Speaking of 1956, I often ask myself why I didn't leave the Party at the time of the split. I certainly felt very much like doing so at the time. I agreed with most of the criticisms that were made by MacLeod, Salsberg, Penner, Binder and Edna Ryerson, and especially John Stewart, whom I admired and respected very much. I was very much on their side in the arguments that were presented, although I also felt badly about the fact that the Party was being rent asunder. I was with them ideologically, but I found it hard to actually leave the Party. It would have been a heart-wrenching experience for me. All my family, including my wife's side of it, were loyal Communists, especially my father, who had been an ardent Communist all his life. I would have been renounced by my family and close friends and become a virtual pariah among them. An indication of that was that after the events in Czechoslovakia there was a painful split in the family, wherein my wife's sister didn't speak or write to her for a long time.

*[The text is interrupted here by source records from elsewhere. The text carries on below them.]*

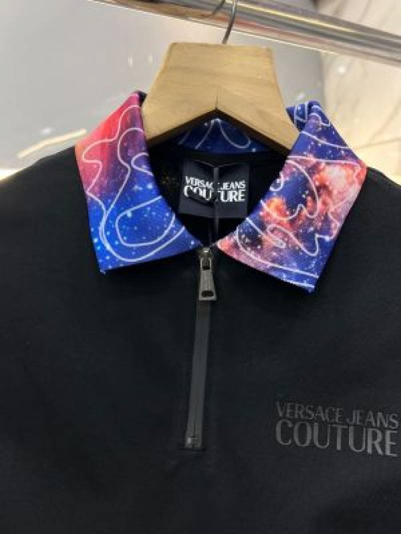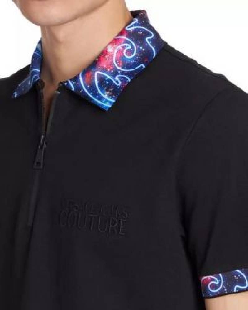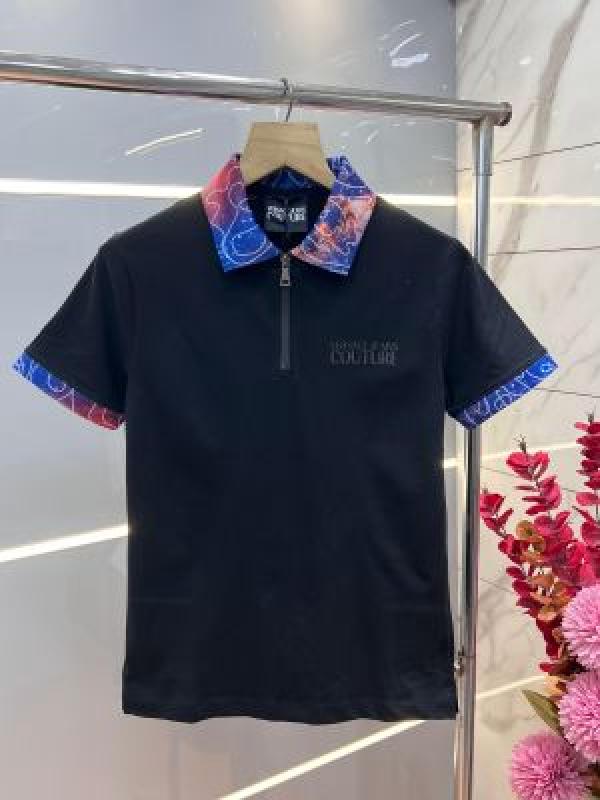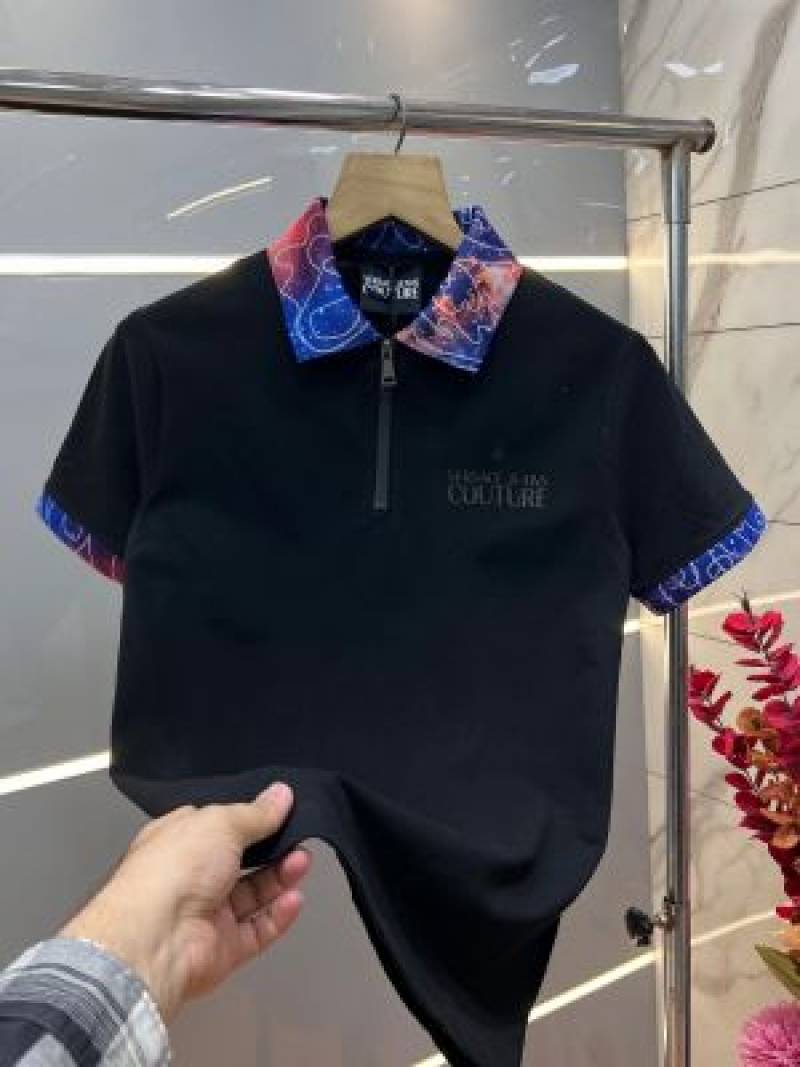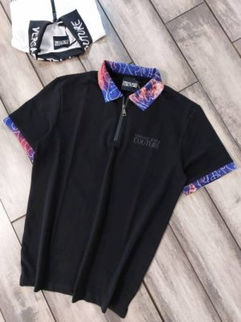 Versac e Black Premium Cotton Pique fabric Polo Tshirt with Collar Design and Emboss Logo Zip Style 3531
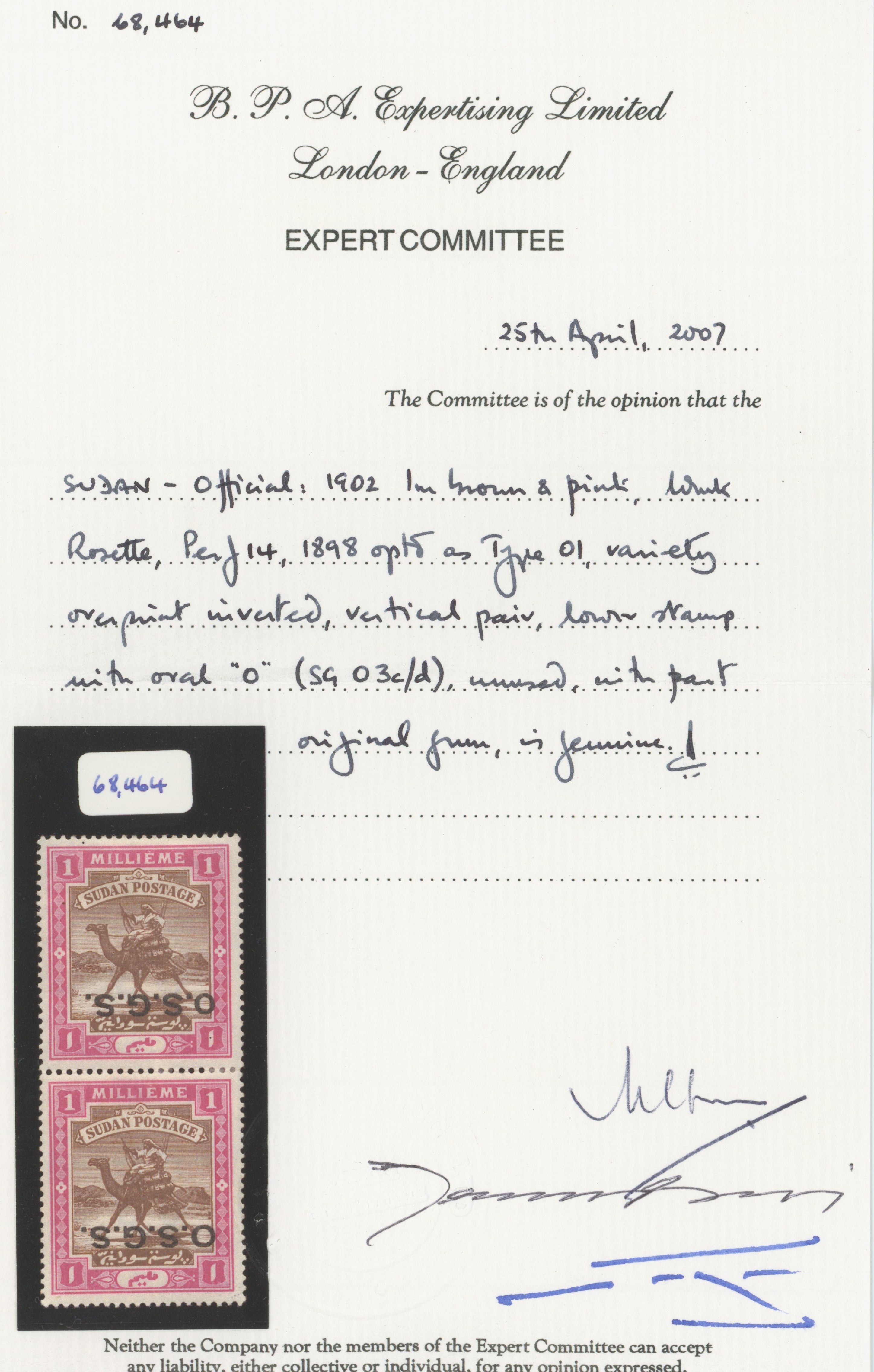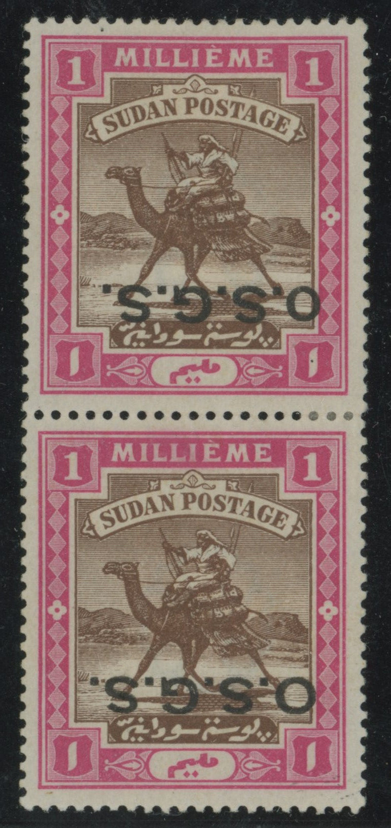 Sudan 1902 1m brown and pink Official, Type O1 'O.S.G.S.' overprint, vertical pair, 'ERROR OVERPRINT INVERTED', from position 19/13 of the setting, position 19 additionally with printing variety ‘Oval O’, SGO3c/d.
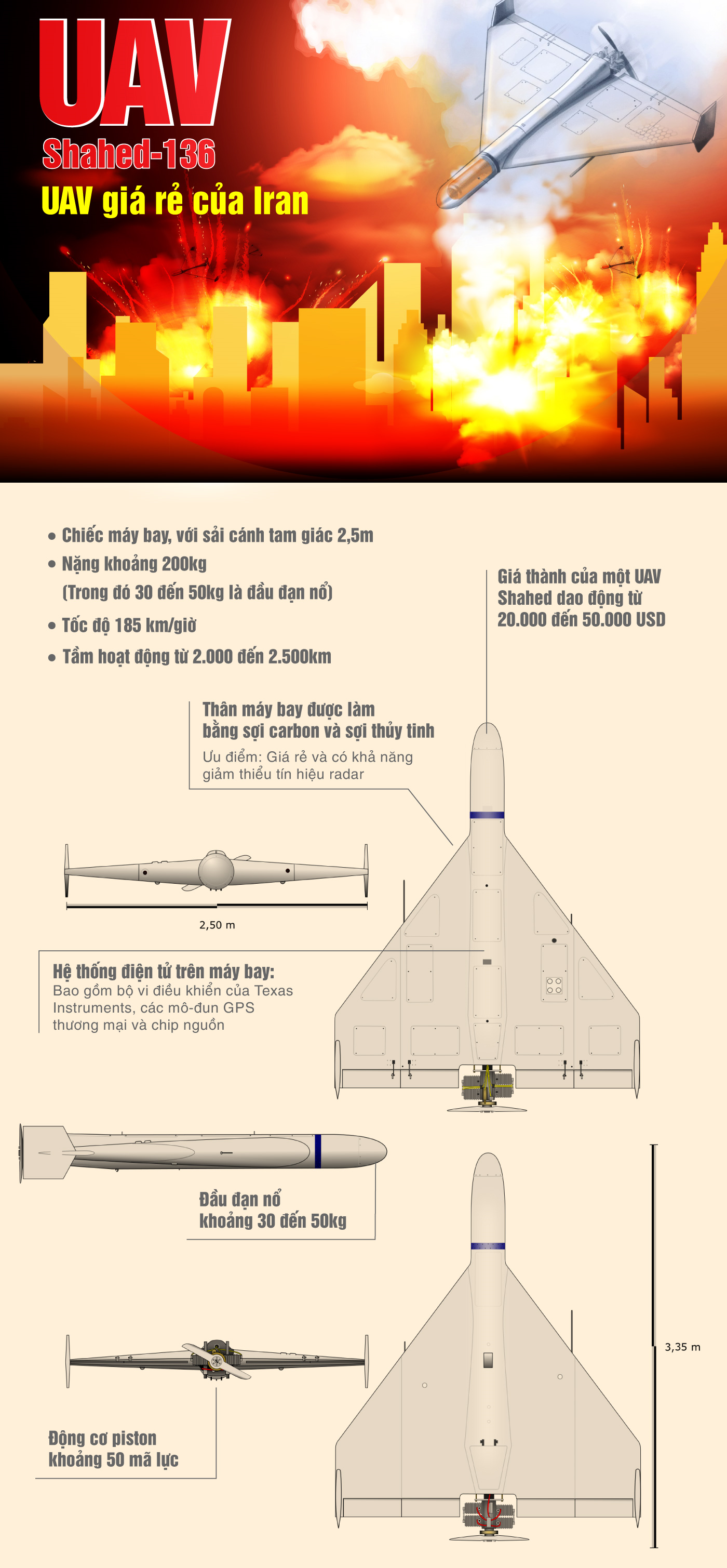 Shahed-136 - UAV giá rẻ của Iran có gì đặc biệt?
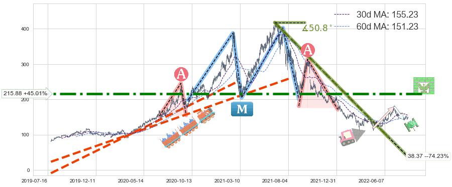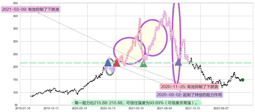 ♘ 阻力价格位215.88,可信任强度93.69%,距离最后交易2022-08-12形成的收盘价格148.87相差 +45.01%
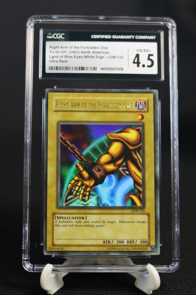 Elevate your Yu-Gi-Oh! collection with the formidable "Right Arm of the Forbidden One" card, a key piece from the iconic Legend of Blue Eyes White Dragon set. This Ultra Rare, Unlimited version of the card, numbered LOB-122, features the Holo finish that veteran and novice collectors alike desire, adding a gleaming touch to the Dark creature's depiction.With an attack power of 200 and a defense toughness of 300, this card stands ready to contribute to your strategic victories. Printed in English and originating from the United States, it's an essential addition for players over the age of 6. Whether you're engaging in a duel or enhancing your display, "Right Arm of the Forbidden One" is a must-have for enthusiasts of the Yu-Gi-Oh! universe. Shipped in protective sleeve.
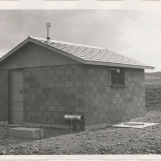 Black & white print. Snapshot. Image of a small cinderblock building with locked wooden door & small window. Large pipe coming out of lower right of front wall. Small wood box in ground in front of building; circular hatch in concrete pad at center right wall of building. Vent pipe on roof.

The other reason was that I was anxious to preserve Party unity. I thought that perhaps the Party could still be saved, and I had great hopes that with Leslie Morris in the leadership it could change. It was a false hope, of course, but it was there. So I went along. I was elected to the National Executive and was still was very much under the influence of the ideology that prevailed in the Party at that time.

I should add that after 1956 my attitude to the Party changed considerably. I became much more critical of its policies in discussions. I questioned a lot of things. The one positive thing was Morris's leadership. I had great hopes, because he tried to change the Party, to improve the Party, to make it more Canadian. Unfortunately, he died soon after that. Later, I realized that he could not have succeeded.

A nervous breakdown

In 1958, however, I became quite ill with severe stomach problems and numerous other ailments, which eventually was diagnosed as a nervous breakdown. So the Party leadership arranged to have me go to the Soviet Union for treatment. I was sent to Sochi, in the Caucasus mountain region, for 28 days — that's the usual term — but my symptoms were so severe that they kept me there for 40 days. In Sochi I met a young man from Hungary, Karol Erdelj, who turned out to be the personal secretary of Janos Kadar, the Hungarian Party leader. We got along very well, and before we parted, he said, "Why don't you visit Hungary?" I told him I wasn't scheduled to, but he said, "Just say the word and we can arrange it, and I'll meet you." I decided to take him up on it, and when I got back to Moscow I told the Party officials about the offer.

Arrangements were made, and on my way back to Canada I stopped in Hungary for a few days. I was shown around Budapest and environs and, since this was only two years after the revolution there, I was also told a lot about how and why it happened, both the official and unofficial versions.